Une grève générale fut déclenchée en réponse au Dimanche rouge et "à la fin de 1905, plus de 2,7 millions de travailleurs étaient en grève" (Bunce, 16). Les grèves étaient organisées par de nouveaux comités ou conseils ouvriers appelés soviets. Le Conseil des députés ouvriers de Saint-Pétersbourg, comme beaucoup d'autres soviets, fut fondé en octobre 1905 en tant que comité de grève générale. Il était dirigé par Gueorgui Khroustalev-Nossar (1877-1919) en tant que président et Léon Trotsky (1879-1940) en tant que vice-président. Le soviet représentait 200 000 ouvriers de 147 usines. Il imprimait également son propre journal, Izvestiya ("Nouvelles"). Le Soviet de Moscou était un autre organe puissant, mais les soviets des autres villes n'avaient généralement d'influence que sur les affaires locales.

L'idée des soviets était qu'une assemblée de travailleurs d'une usine donnée élisait des députés pour représenter leurs intérêts pendant la grève. Ces députés assistaient ensuite aux réunions du soviet local, où d'autres usines étaient également représentées. Le système électoral variait: "À Saint-Pétersbourg, 500 travailleurs élisaient un député, à Moscou 400, à Odessa 100 et à Kostroma 50" (Shukman, 134). Les soviets n'étaient pas organisés selon des lignes partisanes, mais plutôt par profession et par usine. Le soviet négociait avec les employeurs, les autorités politiques locales et la police. La direction du soviet, le comité exécutif, veillait également à ce qu'un minimum de services continue d'être fourni à la population malgré la grève. La démocratie directe et la coopération étaient considérées comme les principaux moyens permettant aux soviets d'atteindre leurs objectifs. Telles étaient les forces de l'organisation, mais "leur spontanéité même, l'élan qui les avait fait naître, les empêchait de devenir des institutions stables" capables d'assurer les tâches administratives quotidiennes (Hoskins, 412). Néanmoins, "la forme soviétique d'organisation du travail [était] une contribution unique de la Russie à l'histoire du travail" (Shukman, 55), et les soviets devinrent "des organes d'expression collective" (Read, 144).

L'idée des soviets se répandit rapidement dans tout l'Empire russe (et dans d'autres pays). Pendant la révolution de 1905, entre 45 et 50 soviets russes furent créés.
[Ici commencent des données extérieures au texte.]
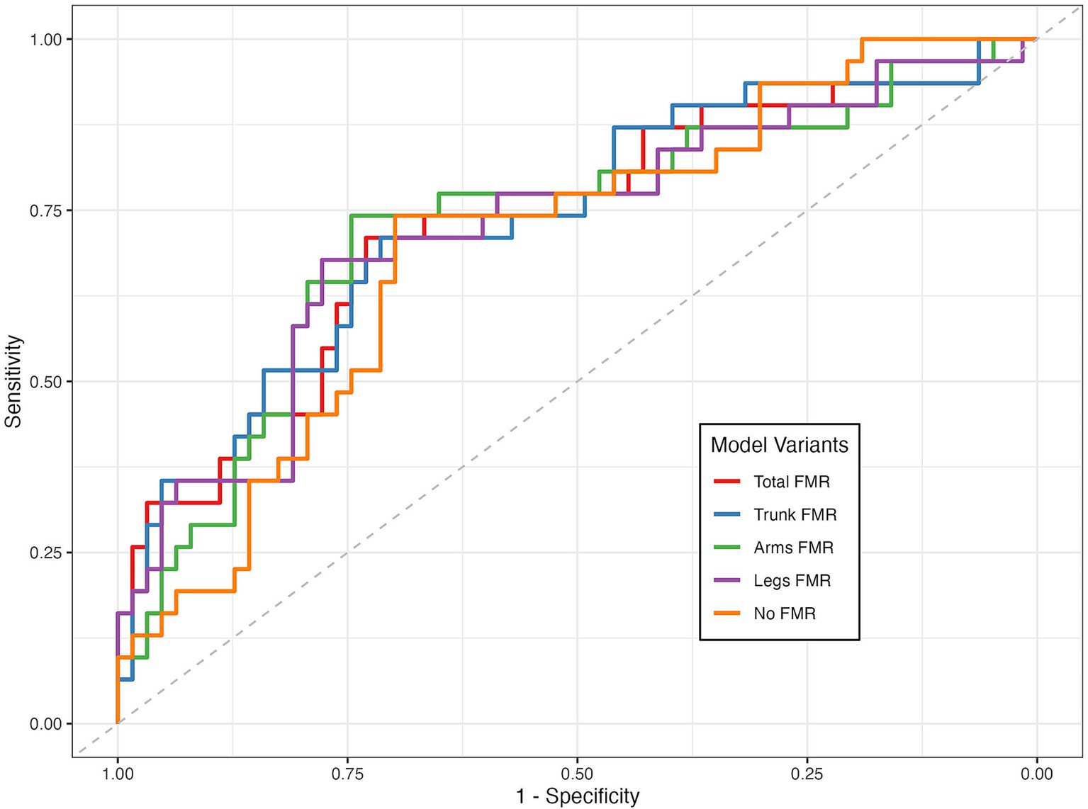 Based on our previous NHANES study findings, we conducted validation in an independent, real-world, hospital-based cohort, which included 94 patients (Supplementary Table S8). A univariate analysis identified several significant predictive factors for DKD risk: HbA1c (OR = 1.298, 95% CI: 1.053–1.623, p = 0.017), total-FMR (OR = 23.132, 95% CI: 1.771–406.856, p = 0.022), trunk-FMR (OR = 10.113, 95% CI: 1.404–90.209, p = 0.027), and arms-FMR (OR = 7.701, 95% CI: 1.045–63.416, p = 0.049 (Supplementary Table S9). Subsequently, we performed a multivariate analysis, incorporating different FMR measurements, HbA1c, and triglycerides (TG) based on the results of the univariate analysis. In the multivariate analysis, trunk-FMR demonstrated the highest discriminatory performance among the site-specific FMR indices (AUC = 0.735, 95% CI: 0.623–0.846), while total-FMR showed the best model fit (AIC = 111.53; Supplementary Table S10; Figure 7). It should be noted that the wide CIs likely reflect the limited sample size and potential variability in clinical measurements. Nevertheless, the direction of the association was consistent with the NHANES analysis, supporting the robustness of trunk-FMR as a correlate of DKD.

En bref, les soviets "étaient essentiellement des organes représentatifs généraux, non partisans et non doctrinaires, de la classe ouvrière d'une ville" (Shukman, 55). Le statut du Soviet de Kostroma indique l'objectif initial de ces organisations: "Une organisation du prolétariat local pour la lutte victorieuse en vue de l'amélioration de sa situation économique et juridique" (Shukman, 135). Le Soviet de Saint-Pétersbourg et quelques autres allèrent ensuite plus loin pendant la révolution de 1905 et s'arrogèrent une autorité gouvernementale limitée par le biais de déclarations telles que la journée de travail de huit heures. Les membres les plus radicaux des soviets poussaient à la formation d'une Assemblée constituante pour remplacer le tsar.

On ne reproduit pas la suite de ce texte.